The next day someone pointed him to this statement: “Leading Pharmaceutical Companies Present Industry Roadmap to Combat Antimicrobial Resistance” (Sept 20), stating – amongst other things – we will explore new opportunities for open collaborations between industry and the public sector to address challenges in the research and development of new antibiotics, vaccines, and diagnostics, recognizing the value these bring to society.
And when he woke up on Tuesday his iPhone told him this: “Dutch health minister Schippers invests millions in new antibiotics and alternatives” (Sept 22), she announced at the United Nations General Assembly (UNGA) High-Level Meeting on Antimicrobial Resistance. The platform will be part of the Netherlands Centre for One Health.
So, what does this say:
- A good week for – at least – 1 AMR researcher.
- Don’t worry if nobody pays attention to your students project.
- If you currently study the prevalence of Brachyspira pilosicoli in the human gut, you may well have a similar good week in September 2044.
As we all know, by 2050 about 10M may die from AMR each year, according to the O’Neill report. One of the assumptions is that “all infections (=100%) of a certain bacterium will be caused by a fully resistant variant.” How likely is that scenario? Yesterday, Marc Lipsitch shared his thoughts on this question with us.
He’s already thinking on this for years. At night he lie awake and wondered “if serotypes from pneumococci differ in their transmissibility and duration of carriage why do we not see a clear winner that occupies the ecological niche”. Like a firm that can produce candy for a price of 11 cents, where others need to spend at least 13 cents, will drive the market to a price of 12 cents, outcompeting all others while still making profit. His team delivered some fundamental insights on this, see, for the pneumococcus (read it before you drink your beer).
Now, can we address a similar question to AMR? We all think to know from our data that AMR is never 100% or 0%. Do we really? At least from surveilance data: MRSA increased (and decreased) but I never saw a country with 100% of S. aureus infections being MRSA (or it is because EARSS doesn’t have a colour fort hat). In all ICU studies I was involved in, AMR of a certain pathogen never reached 100% of all isolates or all patients carrying that bug. And once colonized in the gut with VRE are all enterococci VRE?

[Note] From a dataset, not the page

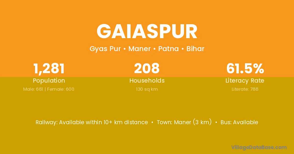 Maner (3 km) is the nearest town to Gaiaspur village for major economic activities and is located approximately 3 km away.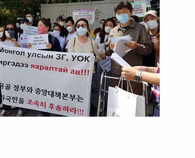 БНСУ-аас эх орон руугаа буцаж чадахгүй байгаа Монгол иргэд Солонгосын Гадаад Хэргийн Яамны гадна талбайд тайван жагсаал хийж байна. Жагсаалын шалтгаан нь Монгол Улсын Засгийн газар, УОК-оос ямар нэгэн албан хариу өгөөгүй, хэзээ буцахаа мэдэхгүй байгаа иргэд ийнхүү жагсахад хүрчээ. Жагсагчдын ихэнх

These are simple questions, probably with simple answers that can be used by simple people in (not so-)simple mathematical models to provide basic insights in AMR epidemiology. There are at least 2 Marcs that think that we urgently need such data for better prediction of what we can expect from AMR in the (near) future.
May be, the economists in the O’Neill group did know, but considered such knowledge as highly classified.